My Study Notes on Convolutional Neural Networks (CNN)
This article is a translated version of my original post on Qiita. Original (Japanese): https://qiita.com/segur/items/4cc70b4d572bf132a35f
Introduction
I studied CNN (Convolutional Neural Network) in deep learning, and I'm writing down what I understood as a beginner.
References
These resources were very helpful, especially the animated diagrams:
- How Do Convolutional Neural Networks Work?
- Machine Learning for High Schoolers (7): CNN Part 1
- Understanding Convolutional Neural Networks from Scratch
- Stanford wiki / Convolution schematic.gif
- Deep Learning Chapter 6: Convolutional Neural Networks
The Goal: Recognizing Objects in Images
There has long been a need to identify and recognize objects in pixel images, for example:
- Recognizing text in a scanned photo of a paper document
- Recognizing musical notes in a photo of sheet music
- Detecting obstacles in dashcam footage
CNNs are designed to meet these needs.
How Does Object Recognition Work?
CNNs use the following processing steps to emphasize features:
- Convolution: Apply a filter to highlight features
- Pooling: Resize to reduce noise
By amplifying distinguishing features, the network can more easily recognize objects.
What Is Convolution?
CNN stands for Convolutional Neural Network. The word "convolutional" refers to the process of applying a filter to emphasize features.
This animation explains it clearly:

Source: Stanford wiki / Convolution schematic.gif
Before convolution, we have a 5×5 grayscale image:
\begin{align}
\text{Before convolution} = \left(
\begin{array}{ccccc}
1 & 1 & 1 & 0 & 0 \\
0 & 1 & 1 & 1 & 0 \\
0 & 0 & 1 & 1 & 1 \\
0 & 0 & 1 & 1 & 0 \\
0 & 1 & 1 & 0 & 0 \\
\end{array}
\right)
\end{align}
The filter is 3×3:
\begin{align}
\text{Filter} = \left(
\begin{array}{ccc}
1 & 0 & 1 \\
0 & 1 & 0 \\
1 & 0 & 1
\end{array}
\right)
\end{align}
After applying the filter, a 3×3 output is produced:
\begin{align}
\text{After convolution} = \left(
\begin{array}{ccc}
4 & 3 & 4 \\
2 & 4 & 3 \\
2 & 3 & 4
\end{array}
\right)
\end{align}
Higher values (like 4) indicate stronger features; lower values (like 2) indicate weaker features. This is how convolution highlights what matters.
One downside: the output shrinks from 5×5 to 3×3, losing data around the edges.
Padding
To prevent the loss of edge pixels during convolution, we add a border of pixels around the original image — this is called padding.
Filling that border with zeros is called zero padding. However, in image data, 0 often represents black, which can interfere with filters sensitive to brightness.

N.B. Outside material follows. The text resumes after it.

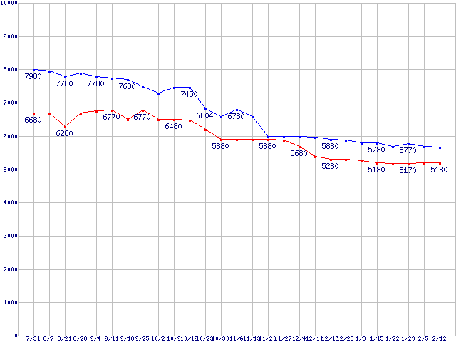 WD Caviar Blue (7200rpm,3Gb/s,16MB)の最安値推移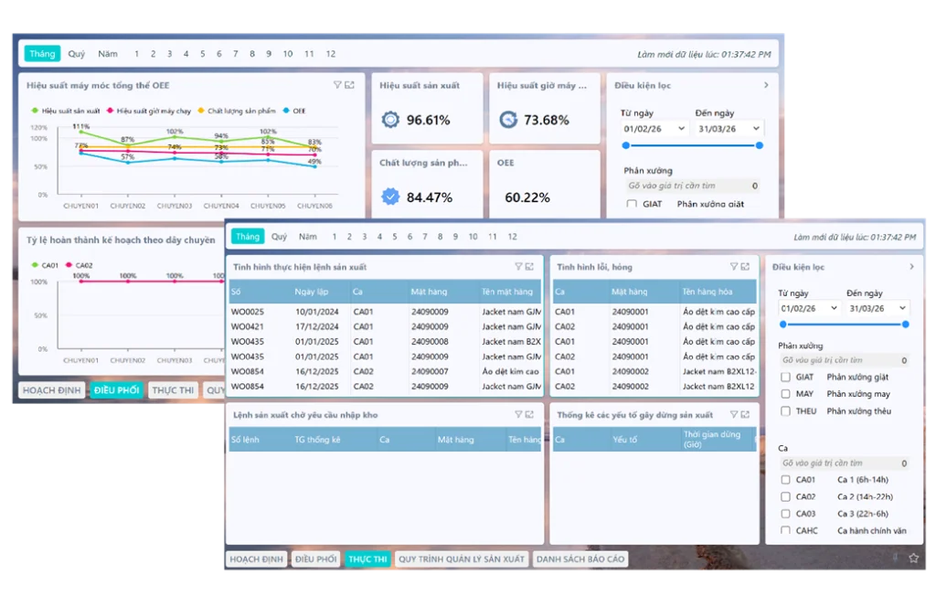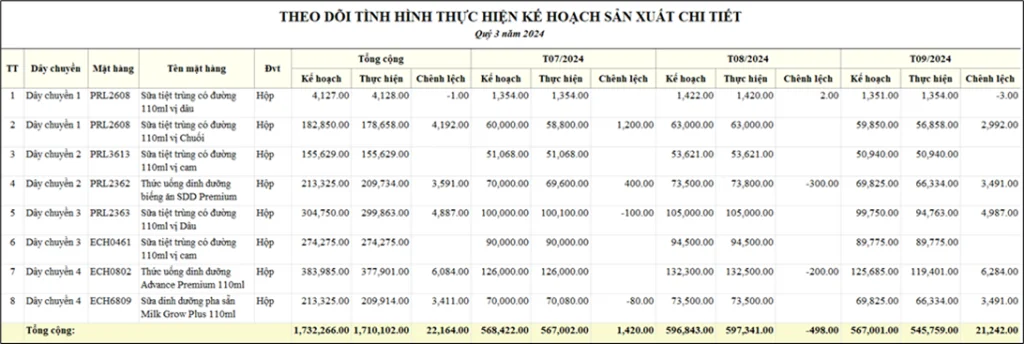 Hỗ trợ theo dõi tiến độ, phân tích tình hình sản xuất so với kế hoạch theo số lượng sản phẩm thống kê đồng thời đạt kiểm tra chất lượng. Báo cáo này giúp CEO trả lời câu hỏi cốt lõi: Có đạt kế hoạch không đồng thời phát hiện sớm nguy cơ chậm tiến độ, dồn việc cuối kỳ hoặc mất cân đối công suất giữa các chuyền.

To work around this, there are various techniques that fill the border with more representative values rather than zeros.
Stride
Stride literally means "step size."
So far, we've been sliding the filter one pixel at a time — that's a stride of 1. If we move the filter two pixels at a time, that's a stride of 2.
Pooling
Pooling comes from the idea of "retaining" or "collecting."
Larger input images contain more noise. Pooling downsamples the image while preserving important features, reducing the resolution.
Common pooling methods include:
- Take the maximum value from neighboring pixels (max pooling)
- Take the average value from neighboring pixels (average pooling)
Closing
I'm sure there are mistakes here — please feel free to point them out!